GO batches are supported to simplify development, script files will be split on the GO keyword and each batch run separately (although all within the same transaction if supported by the DBMS in use).

Tracking table

Table SqlHawk_UpgradeLog is added and used, which records ChangeId, date applied, script path that was run, and extra description fields for the output of "git describe" or other comments.

You need to run --initialize-tracking to create the table if it's missing, and SqlHawk will not run upgradfe scripts if the tracking table is not there (to help avoid accidentally running against the wrong database).

The table definition is:

  • UpgradeId int not null auto_increment, # simple primary key to see ordering easily, this can be used to indicate version # of a database for display in the UI
  • UpgradeDate TIMESTAMP DEFAULT CURRENT_TIMESTAMP, # when the individual script was applied, will be slightly different across the batch
  • Batch nvarchar(200), # some kind of user generated string that groups together a set of scripts in an upgrade into a single batch, e.g. the output of git describe, or a svn version number.
  • ScriptPath nvarchar(400), # which script was run, used to prevent scripts being run twice

Branch handling

Handling multiple feature branches of development:

SqlHawk supports the following folder structure, allowing you to keep upgrade scripts for different branches in different subfolders, thus avoiding direct conflicts / confusion when the two branches are merged.

  • UpgradeScripts
    • 01_global.sql
    • 01_feature_A
      • 01_new_table.sql
      • 02_new_data.sql
    • 02_feature_B
      • 01_some_other_table.sql
      • 02_some_other_data.sql
      • 03_modify_something_else.sql
      • micro_change
        • 01_mini.sql

It is still possible that two branches may be incompatible, for example if they both modify the same table using the temp-table/copy/drop method, then whoever runs second will fail due to altered schema, or worse still silently drop data. Having said that I don't want this tool to add unnecessary overhead for the case where two branches make independent changes hence the approach taken.

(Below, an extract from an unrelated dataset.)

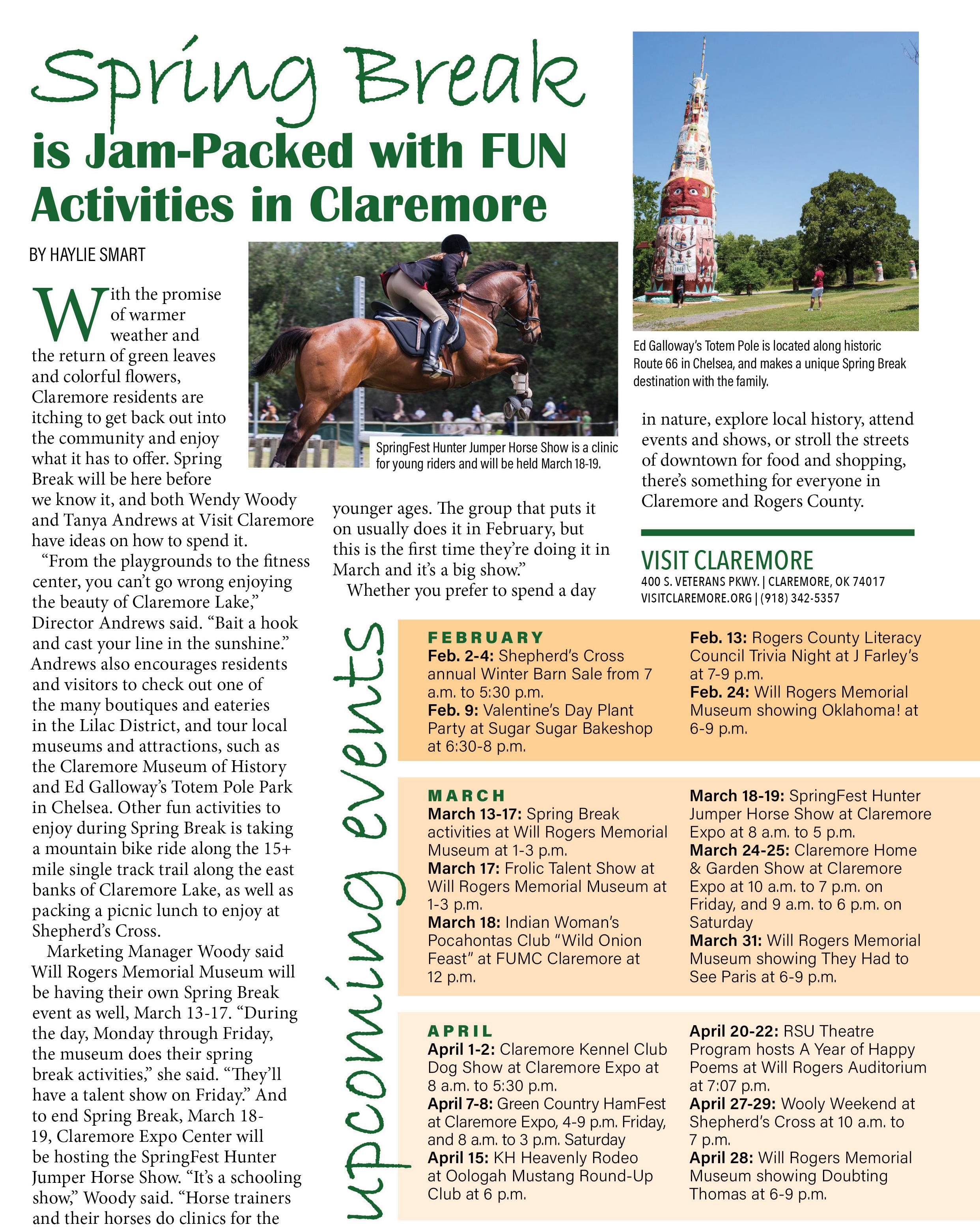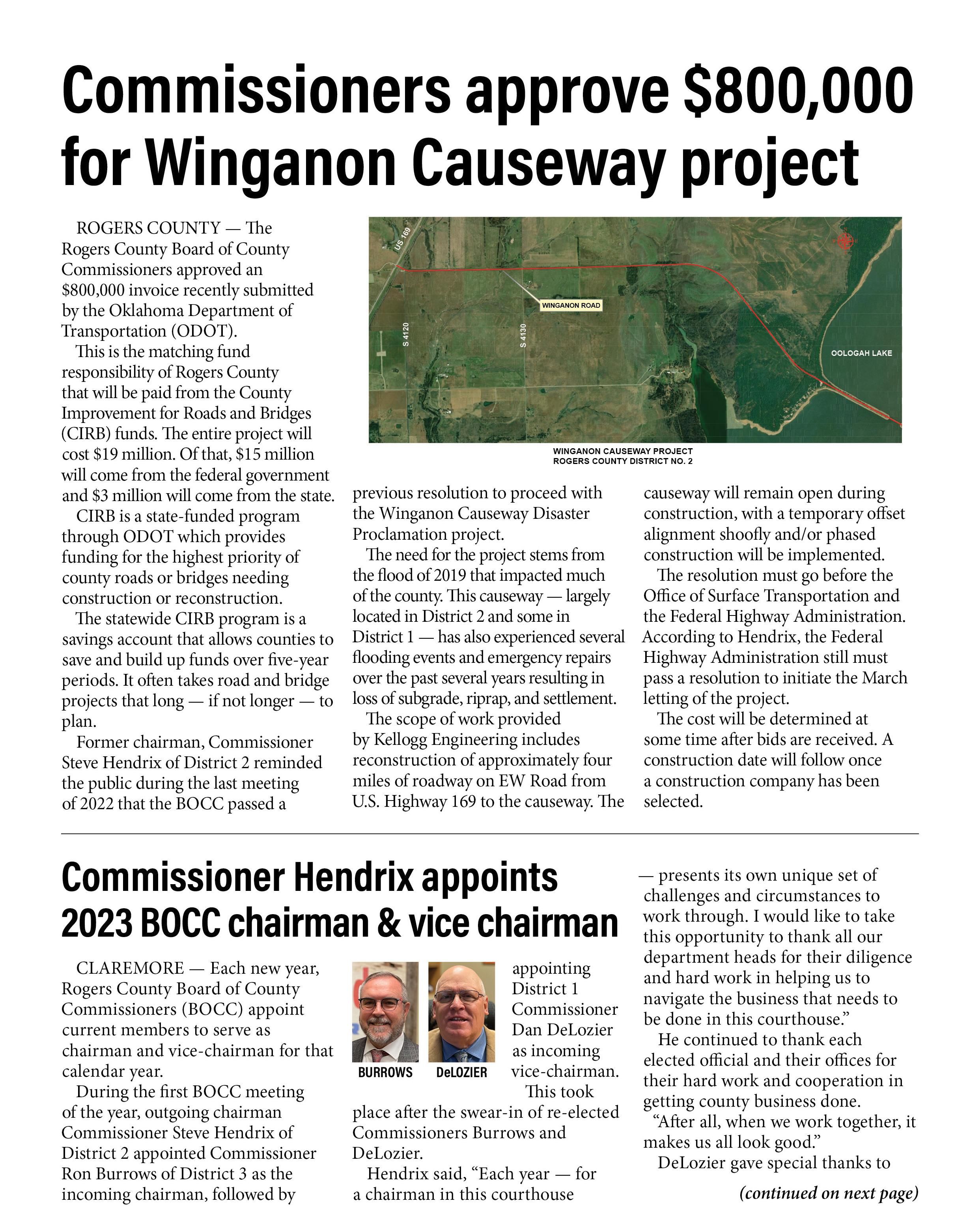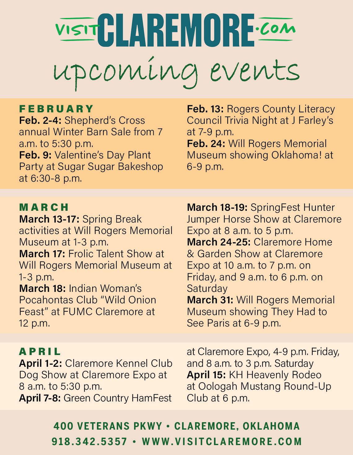 ABC Seamless of N.E. Oklahoma ..................................................................... 31 Affordable Insulation of Oklahoma 18 AVB Bank 37 AVB Hires Chief Digital Officer .................................................................... 30 BA Med Spa & Weight Loss 4 Black Hat Chimney & Dryer Vent Cleaning 59 Bob Moore Chrysler Dodge Jeep Ram of Tulsa ............................................... 40 Buffalo Wild Wings 10 Derksen Buildings 63 Domino’s Pizza ................................................................................................. 22 Don Julio Mexican Bar & Grill 29 Dun-Rite Roofing 37 Exhibitors & Vendors: Sign-Up for the Tulsa HBA Claremore Home & Garden Show.............................................. 36 Face & Body: New Morpheus8 at BA Med Spa & Weight Loss 32 Floral Creations ................................................................................................ 29 Generate Your Own Clean Energy .............................................................. 42 Gleam Guard Whole Home Wood Refinishing 46 Greg Wilson Agency, Farmers Insurance ......................................................... 10 Grigsby’s Carpet, Tile & Hardwoods 11 Grout Care of Tulsa 4 Grout Problems Solved .............................................................................. 12 Hello Garage, Tulsa 9 High Tower Accounting & Tax 10 Home of Hope 28 Indian Women’s Pocahontas Club Announces 2023 Officers ...................... 44 Inola Portable Buildings & Pole Barns 35 Jack Kissee Ford 14, 15 James R. Webb M.D. 39 Jersey Mike’s Subs 64 Martial Arts Academy 22 Medicare Enroll USA 19 Mens Shop, The 34 Mother Nature’s Pest Control & Lawn 64 Needful Things Market 29 Oklahoma Bankers Assn. Honors Kelley Rash 6 Outdoor Creations Roofing & Solar 48 Planning Your Stress-Free Wedding 38 Premium Cabinets 54 Premium Cabinets Help Fulfill Perfect Balance of Design, Function............ 16 Reveal Skin Studio 19 Rogers County Announcements: Claremore Downtown Lilac District Names Dietzfeld Executive Director 52 Commissioner Hendrix Appoints 2023 BOCC Chairman & Vice Chairman .................................................... 50 Commissioners Approve $800,000 for Winganon Causeway Project 50 Rogers County Swears In 3 Elected Officials 51 Select Outdoor Solutions 58 South Pointe Chevrolet 2 South Pointe Chrysler Jeep Dodge Ram 23 South Pointe Honda 64 Spring Break in Claremore, Jam-Packed with Activities 53 Stillwater Milling Company 57 Strategies for Saving Money on Your Taxes ................................................ 20 Things to Do Presented by Central Bank 60 Think Wilson! for your Insurance Coverage 26 Three Twenty on Main Weddings & Events Venue 34 Tile by Tony Remodeling 31 Tulsa County Assessor’s Office 63 Valentine’s Day Comes to Floral Creations ................................................. 56 Value News 34 Visit Claremore 22 What Every Tulsa County Property Owner Should Know............................ 5 What’s Your Home’s R-value? 24 Wild Onion Feast! 45 Value

The scripts are run in folder order, outermost folder first, then filename order, this way even if feature A is developed in a different branch to B, when they are merged there is no need to renumber the scripts.

The risk of clashing changes needs more thought, but I'm currently thinking that before/after schema / data validation is the ideal solution in the long run (in conjunction with a C.I. environment, which is a given in my opinion).

Notes

Developers need to be aware that scripts will never be run twice on the same database, so if a script has already been applied (to the production database) then modifying that script will have no effect. Instead a new correction script will have to be written.

If you follow the recommended build process (see Using sqlHawk for database versioning) for test databases of repeatedly dropping, restoring from backup and applying outstanding scripts then modified scripts will be re-run on your test environments where they are a higher version than the backup copy of the database.